I have had a copy of the study guide for EnCE for quite a while, and I've gone over it, and never found a section on tool validation.

To the EnCEs out there, did you cover tool validation at all in your Guidance provided training, or in the EnCE testing process?

 
Posted : 11/07/2009 9:29 pm
(@douglasbrush)
Posts: 812
Prominent Member
 

I have not come across any tool validation from my Guidance training courses. I am testing in August and from what I understand the test would not cover it either.

 
Posted : 11/07/2009 9:49 pm
binarybod
(@binarybod)
Posts: 272
Reputable Member
 

I have not come across any tool validation from my Guidance training courses. I am testing in August and from what I understand the test would not cover it either.

Maybe that would uncover too many inconsistencies wink

 
Posted : 14/07/2009 8:50 pm
hogfly
(@hogfly)
Posts: 287
Reputable Member
 

You won't see tool validation in a course that is vendor specific..because tool validation is commonly done by comparing against another tool. No vendor will recommend a competitor….

 
Posted : 14/07/2009 9:16 pm
(@patrick4n6)
Posts: 650
Honorable Member
Topic starter
 

You won't see tool validation in a course that is vendor specific..because tool validation is commonly done by comparing against another tool. No vendor will recommend a competitor….
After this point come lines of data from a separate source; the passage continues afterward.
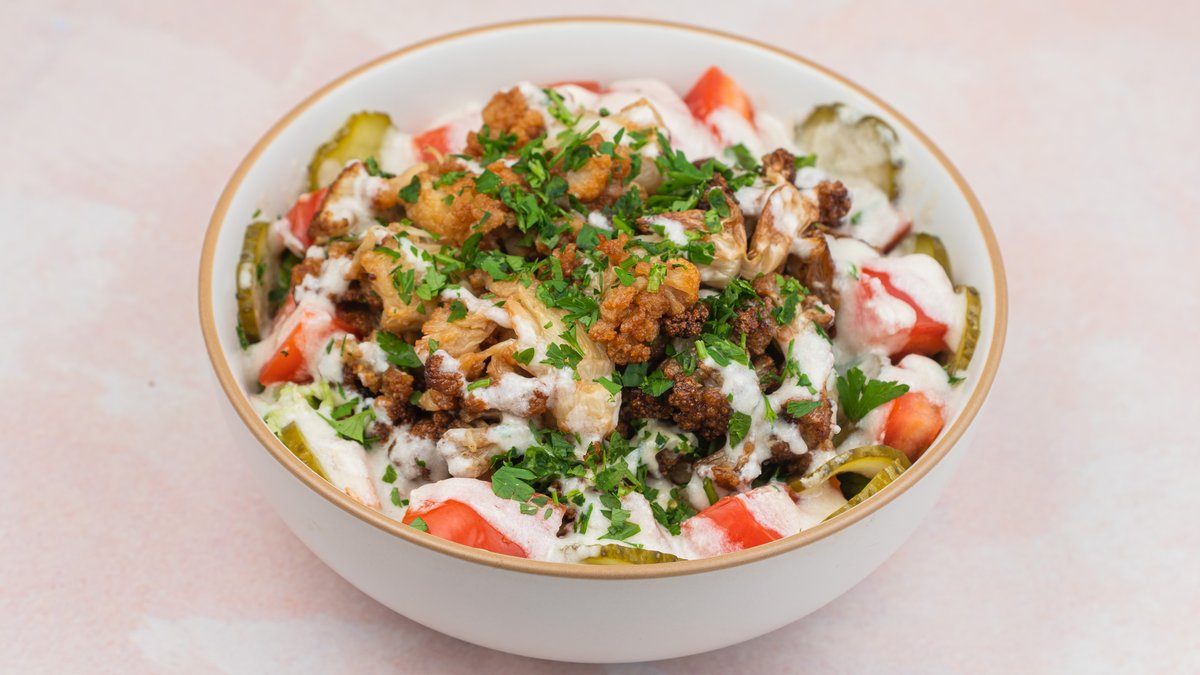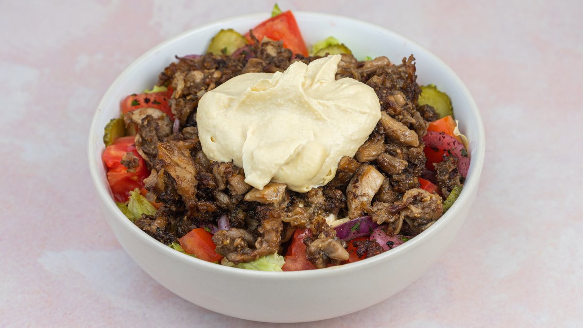 Juneća Šavurma Salata (marinirano juneće meso, zelena salata, paradajz, kiseli krastavci, crveni luk sa začinima i peršunom, humus, tahini sos)
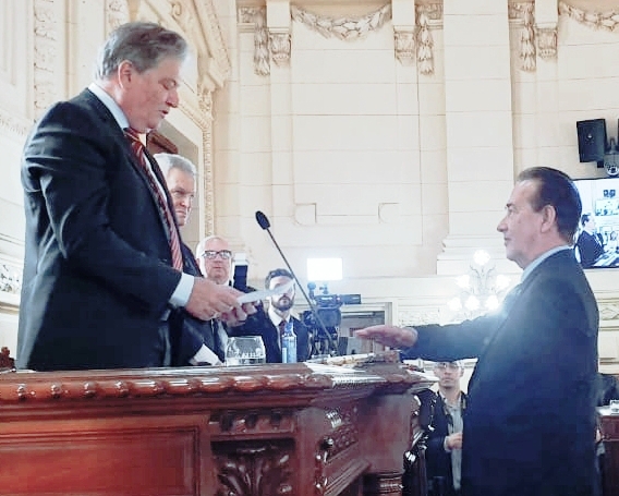La toma de juramento para el periodo 2019-2023, le fue realizada por el vicegobernador y titular del Cuerpo legislativo, Carlos Fascendini.
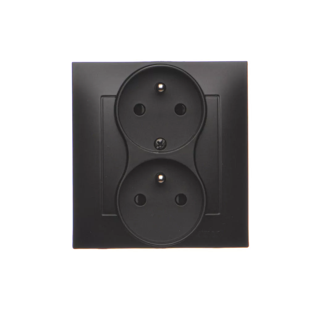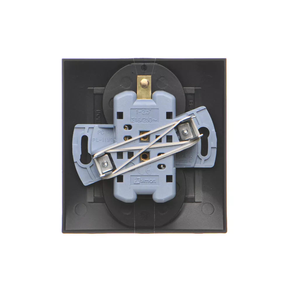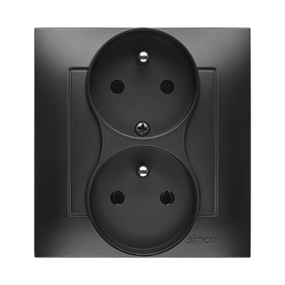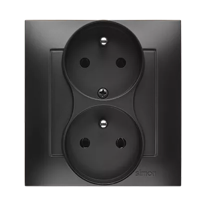 Simon 54 WMDW-00210Z-049 Gniazdo wtyczkowe z uziem. podwójne, z funkcją niezmienności faz, z przesłonami, 16A, 250V~, zac. śrubowe. Kompletne - nie do ramek; czarny

Validation against another tool is one method, however you can validate instead against a known data set, which doesn't require a second tool. Most of my initial validations were done against a hex editor, which isn't really a competitor… well until WinHex was made into X-Ways. My imaging tool validations were done against good old dd.

 
Posted : 16/07/2009 9:13 am
(@seanmcl)
Posts: 700
Honorable Member
 

I am unclear about the meaning of "validation". Encase performs many functions. Acquisition and restore, for example, can be validated through such methods as bitwise comparison and MD5 checksums.

But other functions that Encase (or any tool), performs may be more difficult to "validate" and, perhaps, unnecessary. After all, the evidence is not what Encase finds (or does not find), but what you, as the examiner, conclude from the findings.

For example, suppose that you use Encase to carve out web mail. Does the fact that Encase does not find a particular message indicate that it doesn't exist or never existed on the system? No. That would be your conclusion as the examiner.

The Encase training courses emphasize how to manually do what Encase automates before teaching you the way to automate some functions in Encase. The reason, of course, is so that trainees can learn and be able to explain how Encase does what it does. But it also helps trainees to understand the limits of the technology. Encase (or FTK or ProDiscover or xxx), helps the examiner to locate and organize data as part of an investigation. But it isn't a substitute for the experience of the investigator.

Validation comes from being able to demonstrate that what you have found and/or concluded from an Encase examination, could be found and/or concluded, independantly, using a different method or tool.